Release limits (fail-closed): stride must be 1; the searched nonce range must
lie within [0, 2³²) (the kernel patches only the low 32 nonce bits); and n/b must
be ≤ 1023 (the transcript byte counter is u32 — covers all n ≤ 512 at any b). Each
throws clearly so a caller can fall back to wasm/pure-js/rpc.
Install
npm i @btx-tools/matmul-webgpuRequires a WebGPU runtime (navigator.gpu): modern Chrome/Edge/Safari, Deno
(--unstable-webgpu), or any environment where you pass your own GPUDevice.
Usage
The constructor takes the same positional arguments as @btx-tools/matmul-wasm's
WasmSolver, so it drops into the SDK's solver cascade unchanged:
import { createWebGpuSolver } from '@btx-tools/matmul-webgpu';
const solver = await createWebGpuSolver(
version, prevhash, merkleroot, time, bits, // header fields
n, b, r, seedA, seedB, // matmul params + seeds
target, // 64-hex BE
// optional: { device, batchSize }
);
const hit = await solver.solveChunk(0n /* nonceStart */, 1n /* stride */, 100_000n /* maxTries */);
// hit: { nonce_hex, digest_hex } | undefined
solver.destroy();digest_hex is the canonical display digest (reverse(rawSHA256d)), and a found
proof is accepted by btxd's redeemmatmulservicechallenge exactly like a
pure-js/wasm/rpc proof.
How it works (byte-order map)
No native u64 in WGSL → 32×32 multiply via a 16-bit split + double-Mersenne fold. The load-bearing byte-order, validated end-to-end against the reference:
sigma=reverse(SHA256d(header))- noise / compress seeds =
SHA256(tag18 ‖ sigmaBE)raw (no reverse) fromOraclecandidate =byteswap(word0) & M31- transcript =
byteswap(LE32(compressBlock))streamed →SHA256d - accept =
uintLE(digest) ≤ uintBE(target)
The kernel packs all small read-only inputs into one params buffer so it uses
only 5 storage buffers (≤ the spec-default limit of 8 — no requiredLimits).

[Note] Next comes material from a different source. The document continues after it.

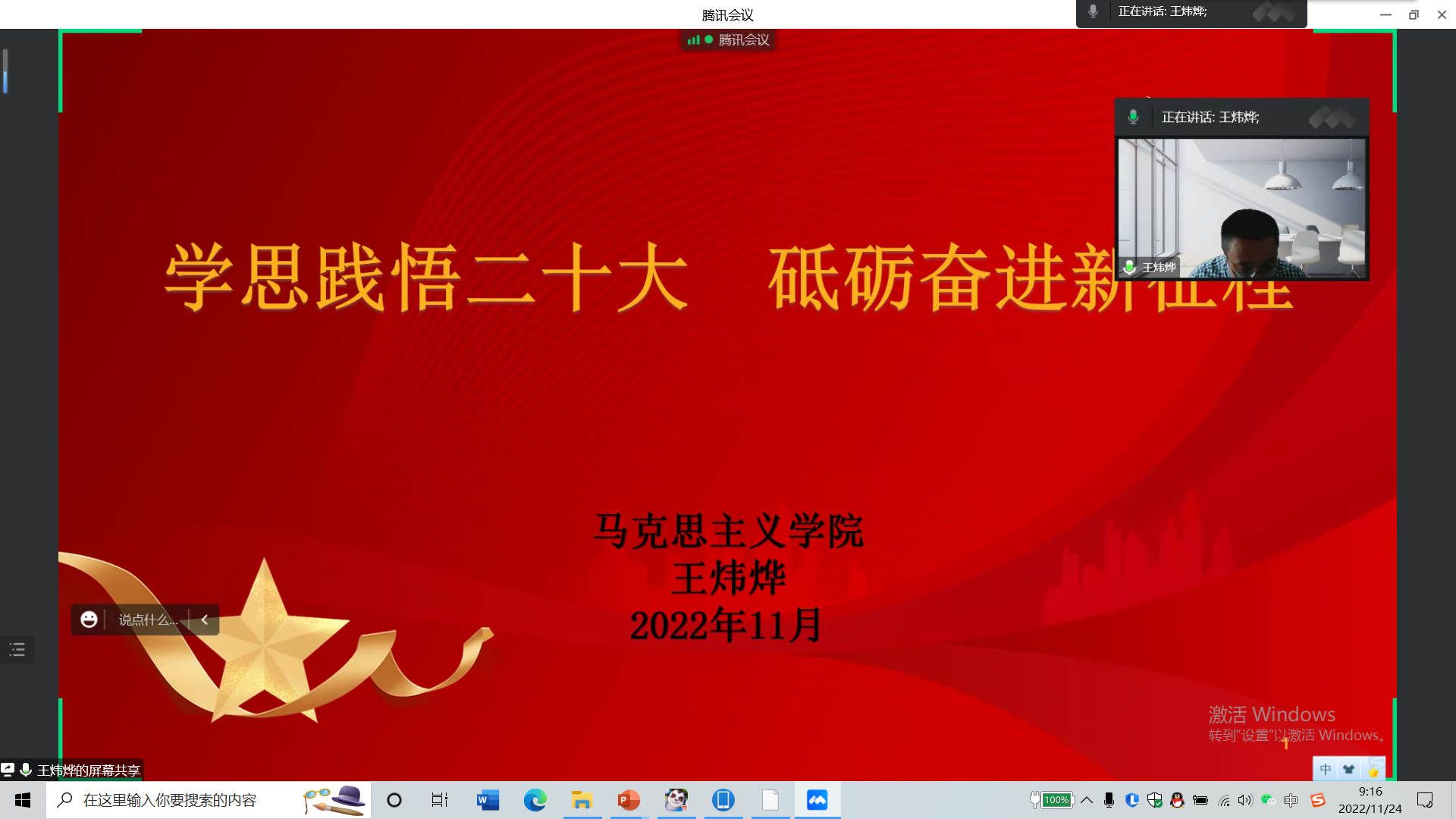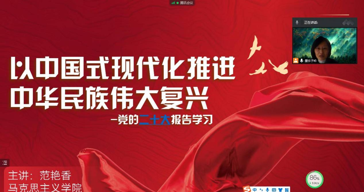 11月24日,马克思主义学院直属党支部在线上以腾讯会议的方式开展党课,马克思主义学院院长王炜烨同志为本次党课的主讲人,全体教师党员参加。王炜烨同志以“学思践悟二十大,砥砺奋进新征程”为主题,以党...

Per-nonce A'/B' live in storage slabs; batch size auto-clamps from
device.limits.maxStorageBufferBindingSize.
Testing
Two layers, because Node/vitest has no WebGPU:
pnpm test # pure orchestration tests (param validation, params layout,
# batch clamp, shader codegen) — run in CI
pnpm build # then the GPU byte-exact battery under Deno:
deno run --unstable-webgpu tests/gpu/solve.test.tsThe GPU battery asserts the n=8 and n=64 goldens (frozen KAT vectors generated
from challenges-sdk's Solver.solve({mode:'pure-js'}), itself byte-validated
against btxd). GPU-in-CI (headless Chrome / Deno) is a planned follow-up.
License
MIT OR Apache-2.0.